We are taking another break from homeschooling, but this time it's in the form of attending actual school. I really wanted to be able to do another year, and I was excited about it, but I think that moving to a new state, having an infant who doesn't sleep EVER, and not knowing a single soul here proved to be a triumvirate of sabotage. We went and checked the new school out, interviewed the principal, had her show us around, asked a ton of questions, and jumped in. I was a little heartbroken at first, but the kids are happy. They are making a lot of friends, and this year, I suppose that's all it's about, since I learned last year not to fret over their academics, test scores, or speed math. I try very hard each morning to maintain the fine balance between teaching them to responsibly be on time while not succumbing to the ridiculous stressed out mania we feel when we aren't. After all, I'm a mom trying to get my kids to school, not a pediatric neurosurgeon trying to get to a emergency lifesaving procedure. Perspective.
We tried, though. There is a group nearby that arranged tuition based classes for homeschooled kids to take, non graded, non compulsory, and free in structure. I signed G and B up for a few classes, and we were excited to go. I took the baby, and sat in the back with a few other mothers.
When the baby needed to nurse, I headed for the babycare room. There was a mother in there with three kids, and she looked pretty laid back. She had blue hair, and her 2 year old toddler did, too. Pretty cute, I thought to myself. Maybe I will strike up a conversation!
But then she opened her mouth. The oldest girl wanted her to play, but the mom kept saying in a very angry voice, "I am not a toy. I do not play." Over and over. The first time it was funny, but after the fourth time I started to feel a sense of discomfort not unlike the kind you get when you KNOW a booger is hanging out your nose but you've got nothing to wipe with. In fact, I was very close to that as I had been battling a sinus infection.
The toddler was playing with some farm animals. They were "talking" to each other the way farm animals do when being animated by children. Suddenly the little girl animates her sheep into saying "What the HELL?!" at the poor shmuck of a farmer. I snorted and chuckled, expecting the mom to react the way 99% of moms would react, but she said, "Now, now, Zion; remember: context."

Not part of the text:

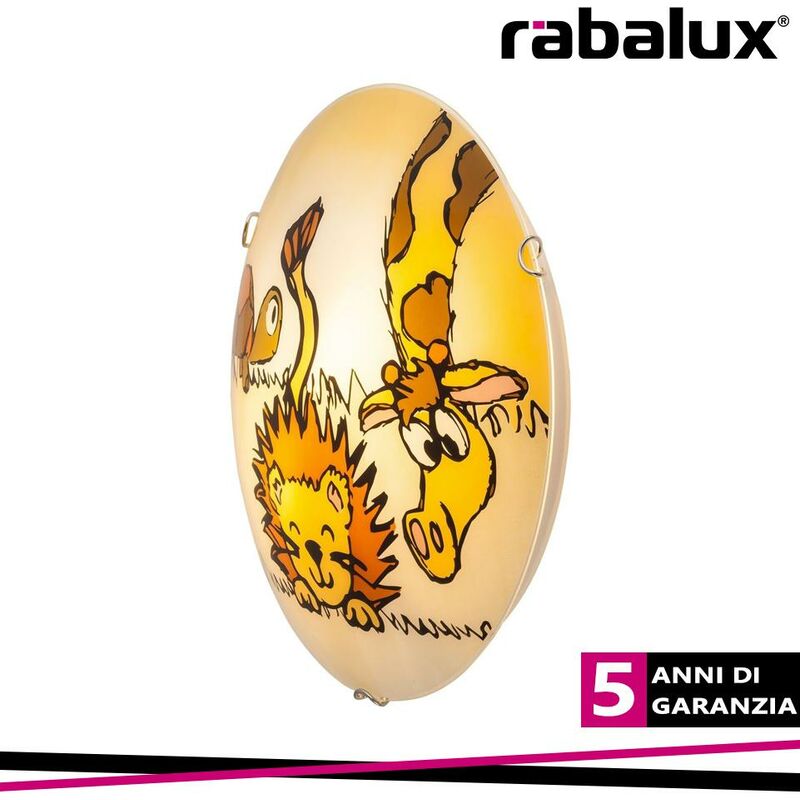 Lampada stanza Leon vetro metallo per bambini colorato Ø40cm Dimensioni in mm: Diametro: 400 peso in kg: lampada inclusa: NO tipo di lampadina / versione: E27 informazioni sulla lampada / potenza massima: E27 2x 40W MAX classe (a ++ a e): a ++ - e di riduzione luminosità: YES protezione: IP20 materiale contenitore: metallo materiale diffusore in vetro: vetro Colore: colorato
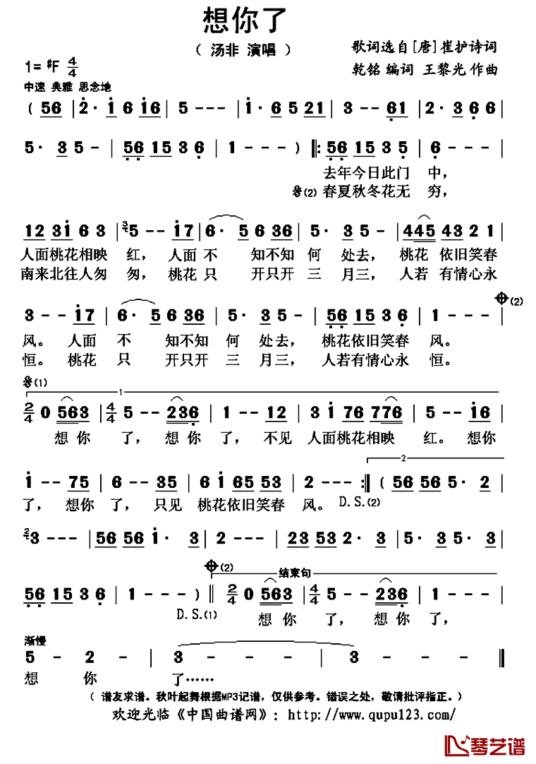 《汤非《想你了简谱》》内容来自于互联网,不能保证内容的准确性与完整性,仅供学习交流欣赏,请勿用于其它用途,内容版权归原作者及来源网站所有,如有侵犯到您的权益请来信告知,我们将及时删除。

Zion dutifully nodded. Apparently her farmer wasn't abusing the sheep quite enough for such expletives.
The middle boy had a little playmate, and they were playing with action figures. There was some pretend shooting, some blasting noises, a few declarations of victory and defeat, the normal stuff. The mom interrupted to say, "Now, now, Photon...(his name wasn't really Photon, but since I couldn't remember, Rick thought that was a good substitute. I agree.)"
"Now, now, Photon, remember to make sure the Play is Consensual."
These are 4 year olds.
The other kid looks at the son and says, "What's consensual?"
"It's when you are Okay With the Level of Aggression I am Displaying."
"Oh."
"Are you Okay?"
(shrug) "Yeah."
"Okay."
It was at this moment that I erupted in a stifled snicker that caused a long string of snot to blow onto my lip. I had to wipe it with the baby's pantleg.